The Dukes of Hazzard was loosely based on a movie called
Moonrunners from the same creator.
The Universal Action Pack had a couple of segments based on Universal movies,
Midnight Run and
Bandit (based on the
Smokey and the Bandit movies).
...The Stargate director simply stopped after the first movie for some reason.
Actually Roland Emmerich and Dean Devlin have been trying to get a
Stargate sequel going for years. As stated, they sold the rights to MGM, which preferred to focus on the series; really, the movie didn't do that well at the box office or critically, so I guess there wasn't much incentive to do a sequel. But Emmerich and Devlin would certainly like to.
Just checked wikipedia and saw all those shows only last one season, though Alien Nation was reasonably successful because it had 5 tv movies each year after it end.
Alien Nation actually got good ratings, and the network wanted to keep it. But at the time, FOX was only broadcasting a few nights a week and wanted to expand its lineup, and they calculated that they could produce four sitcoms for the same price as this one expensive SF drama. So the show was cancelled for reasons that had nothing to do with the show itself. FOX and the producers worked together for years to find a way to bring the show back, because they all wanted it to continue, but it took about four years before they finally settled on the TV-movie revival.

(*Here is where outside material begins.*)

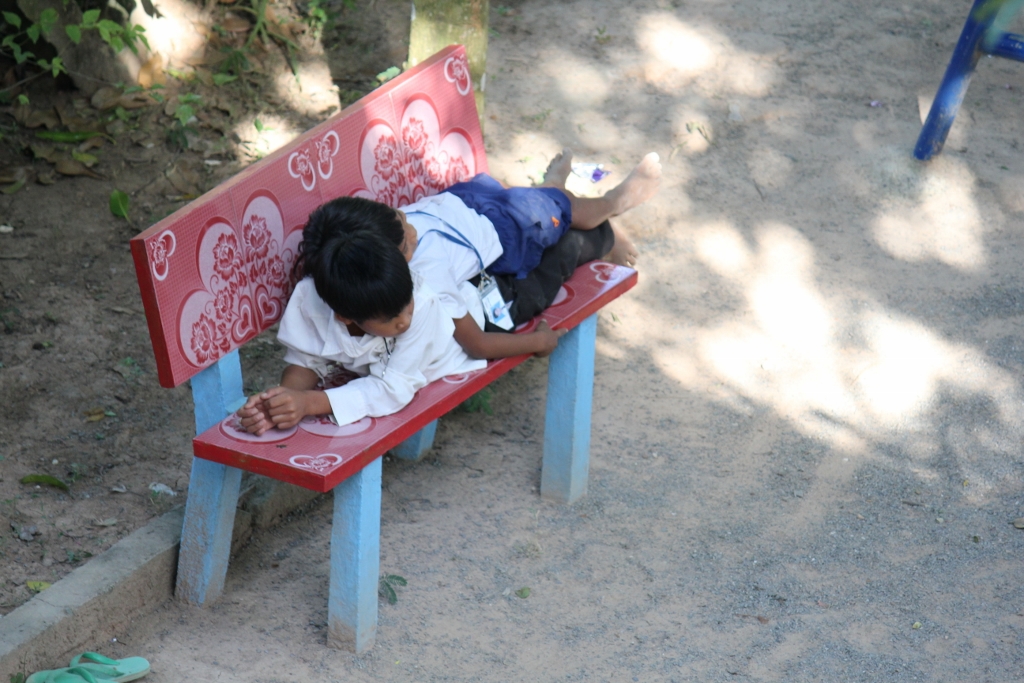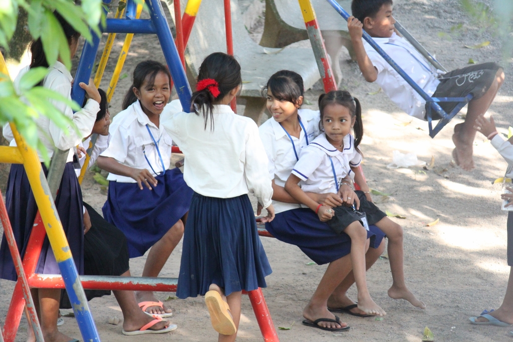 Sorya on the right with the one of the girls on her lap, she is the daughter of a teacher at the other school. She is a very cute little girl that always has a smile to share.

It's not really a new practice, as some of the earliest television shows in the late 40s-early 50s were based on comics, radio shows, or movies. Superman and Blondie had appeared in all four mediums before 1955. The Blondie series starred Arthur Lake, who had been Dagwood in the movie series. One of the earliest genre TV series, Lights Out, was based on a popular radio anthology series by Arch Oboler.
Sometimes '50s and '60s shows used theatrical movies as pilots for TV series, back when the ratio of moviegoers to TV viewers was much higher than today. The '66
Batman movie was meant to be the debut of the series, but ABC decided to start the series early so the movie had to be postponed until after the first season.